I removed the 483 that had multiple or all notifications sent on the same day, applied the daylight savings time adjustment, removed those that received notifications after the collection was already completed, and stratified for those who had pre-3pm draw orders versus post 3-pm but the tables aren't quite clean. KP-Biospecimen-Reminder-Analysis.pdf

brotzmanmj commented 7 months ago

@KELSEYDOWLING7 The things about this that is difficult is that we aren't setting the date/time the order was placed. The date/time order was placed is the actual date and time the order was placed in the sites medical record system. Then they extract those data from their medical record system and move them to their study management system and then they push it to us via API. And then our system runs at 3pm each day, looks for any records meeting the criteria that have not been sent yet and sends them. And we don't retain data on when each draw order date was sent to us. So taking all this into consideration we are going to have live with some uncertainty here. Let's see if we have 15 minutes today to talk through the best way to handle?

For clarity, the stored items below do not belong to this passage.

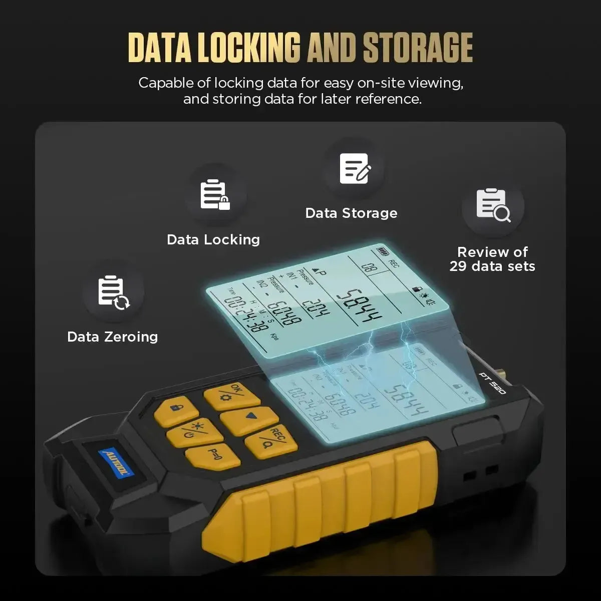 Der Autool PT520 wird zur Diagnose von Drucksystemen in Fahrzeugen und HLK-Anlagen verwendet. Das Gerät misst sowohl absoluten als auch Differenzdruck.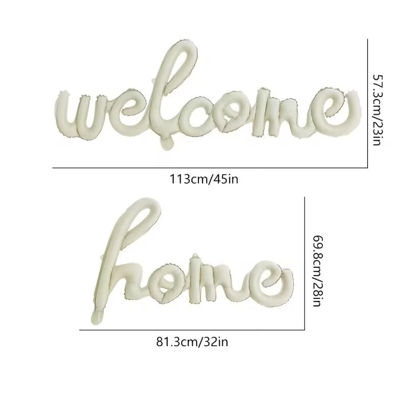 - SCRIPT DESIGN: Elegant cursive foil balloons spelling “welcome” and “home” in connected letter format, creating a sophisticated and eye-catching display for your celebration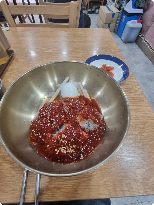제가 주문한 비빔 냉면 입니다. 다만 애들이 먹기에는 좀 매콤 하다는게 함정 입니다.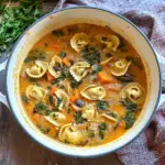 One Pot Vegetable Tortellini Soup is a comforting dish made with tortellini, fresh vegetables, and savory broth, all cooked in one pot for easy preparation.

KELSEYDOWLING7 commented 7 months ago

Finalized version with updated footnote, removal and post/pre 3pm stratification and removal of time change difference. Uploaded to box KP-Biospecimen-Reminder-Analysis.pdf

brotzmanmj commented 7 months ago

Hi @KELSEYDOWLING7 I was putting these numbers into the presentation and one issue... when I add up all of the samples collected at the various timepoints plus the number at the end of the table that says how many people have not given samples, it falls short of the total at the top of the tables (the number sent Contact Attempt 1). It seems like we're missing some people from the tables. Can you check?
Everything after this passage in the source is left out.